What to produce: Find the line with "Wild Animals - Educational" in the entries below. Repeat it, every following line, and the line with "Средний ремонт", exactly and with nothing added.

Records for the exercise:
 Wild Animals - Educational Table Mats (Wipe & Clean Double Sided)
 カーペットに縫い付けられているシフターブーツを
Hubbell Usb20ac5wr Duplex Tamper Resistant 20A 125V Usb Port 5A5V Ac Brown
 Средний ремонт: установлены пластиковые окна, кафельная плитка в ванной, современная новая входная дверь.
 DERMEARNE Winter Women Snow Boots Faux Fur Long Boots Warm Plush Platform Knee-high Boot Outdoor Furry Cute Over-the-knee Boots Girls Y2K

...

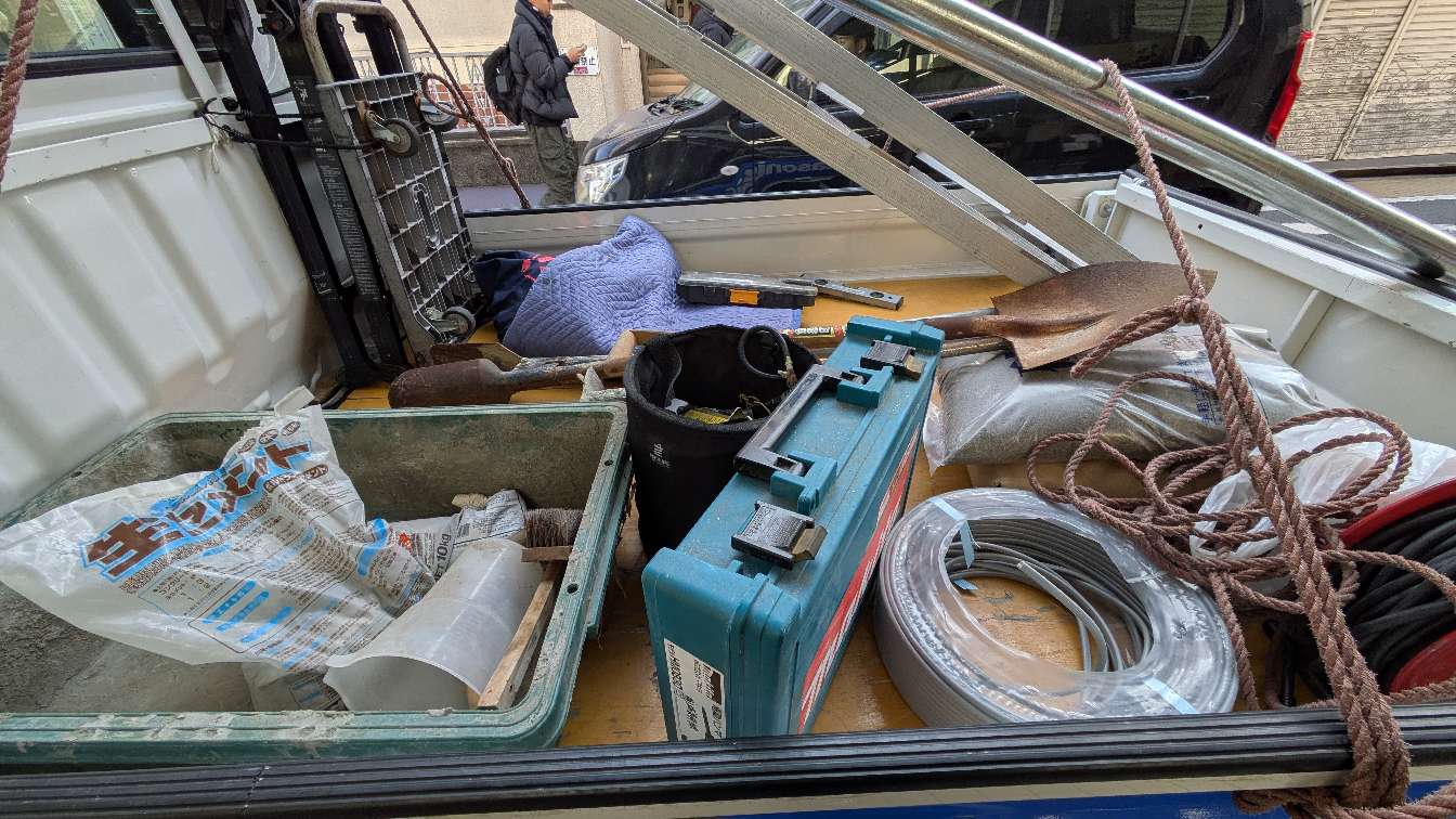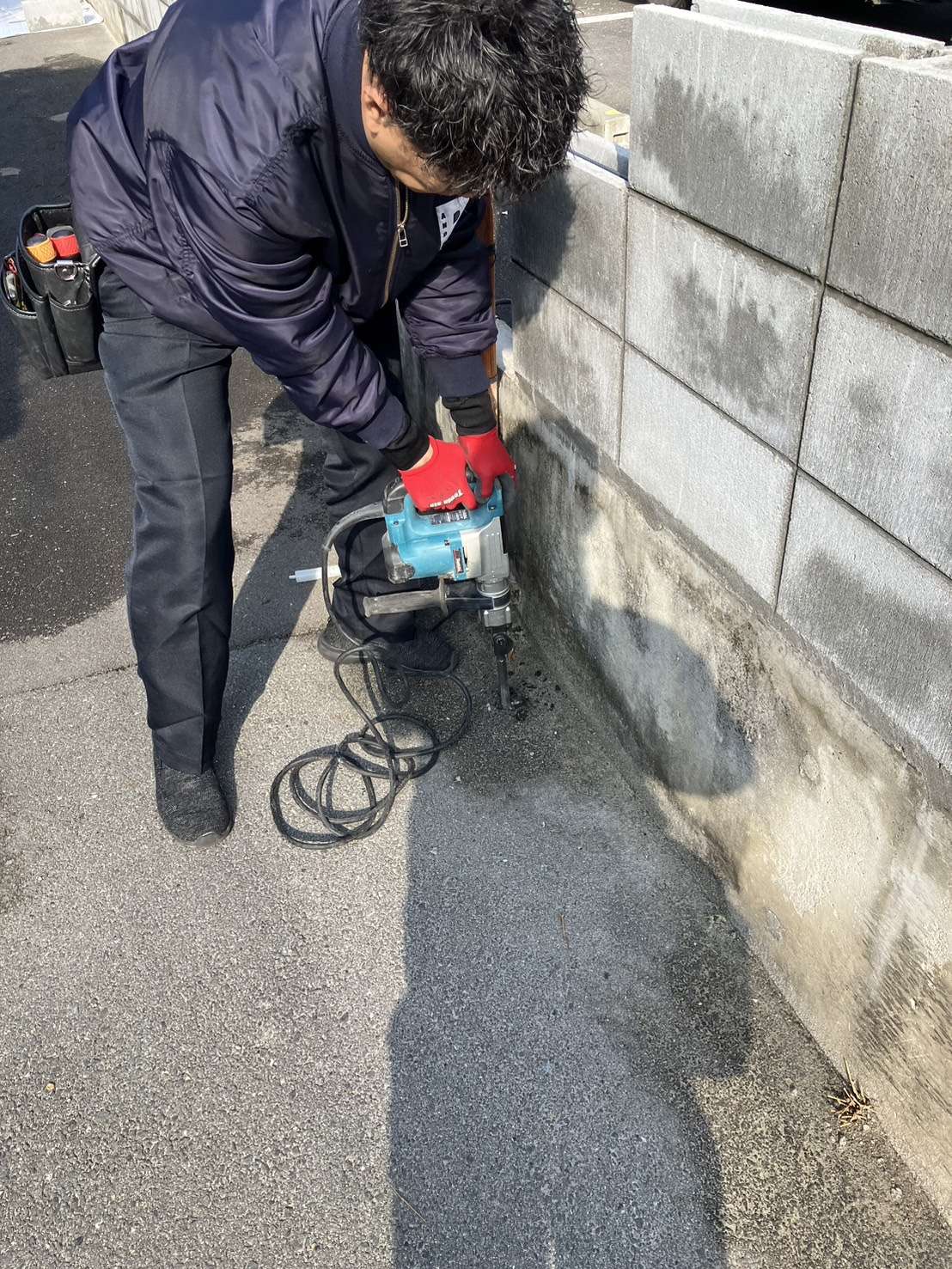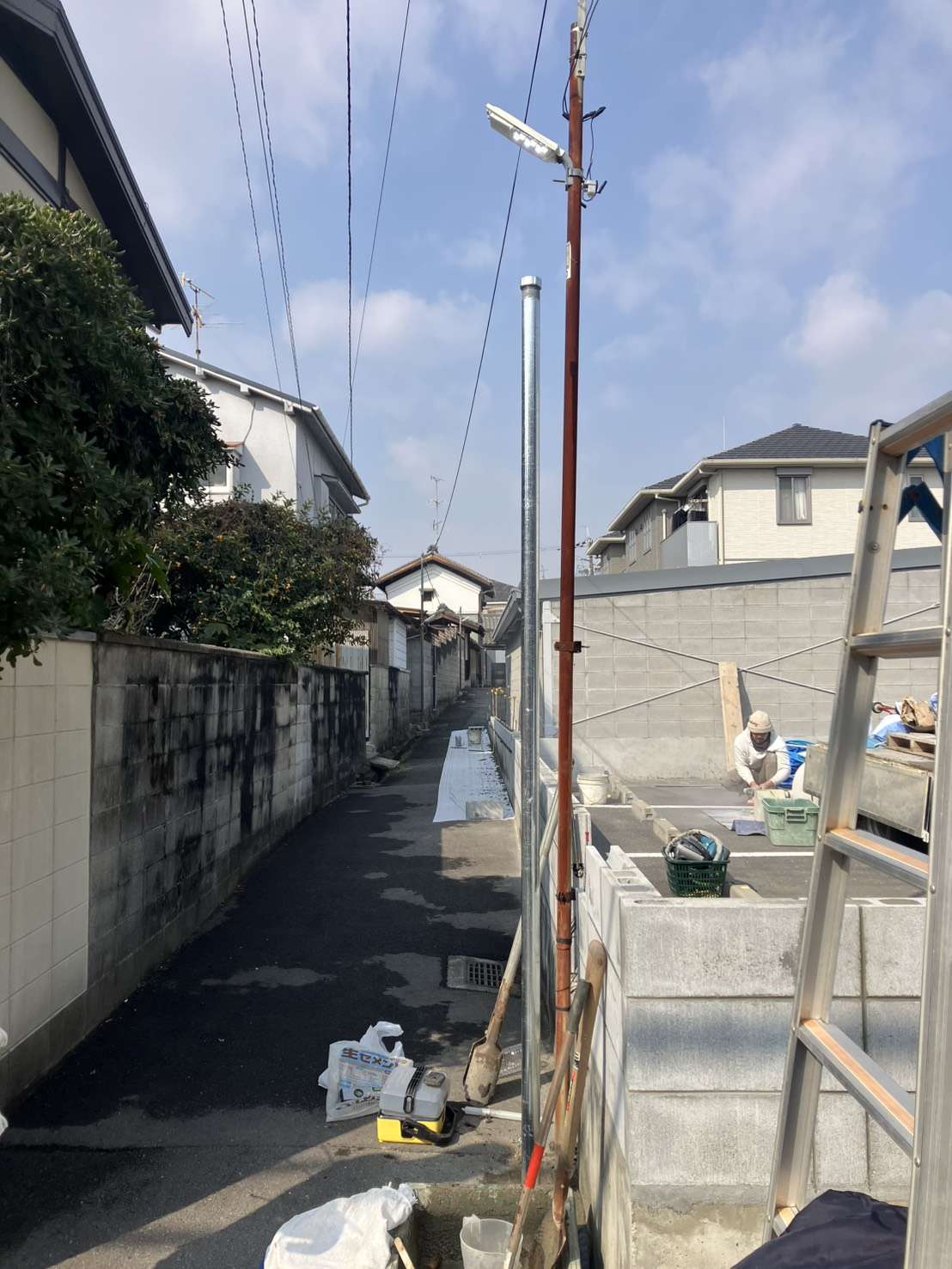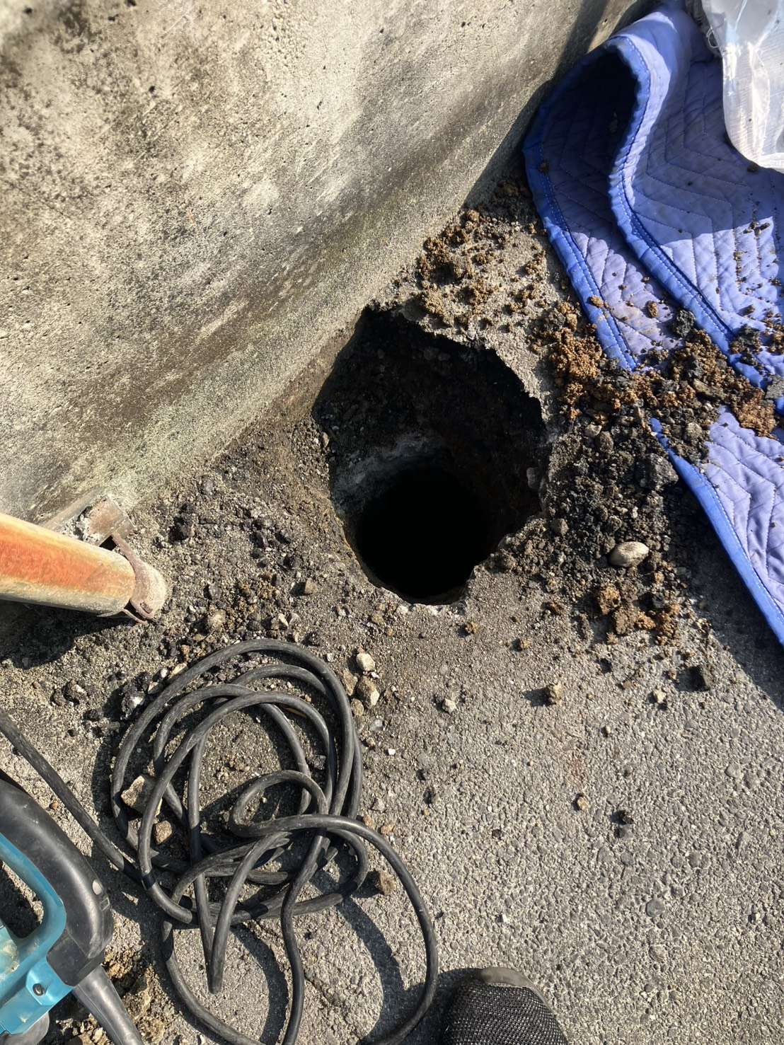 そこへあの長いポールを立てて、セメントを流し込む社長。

Task answer:
 Wild Animals - Educational Table Mats (Wipe & Clean Double Sided)
 カーペットに縫い付けられているシフターブーツを
Hubbell Usb20ac5wr Duplex Tamper Resistant 20A 125V Usb Port 5A5V Ac Brown
 Средний ремонт: установлены пластиковые окна, кафельная плитка в ванной, современная новая входная дверь.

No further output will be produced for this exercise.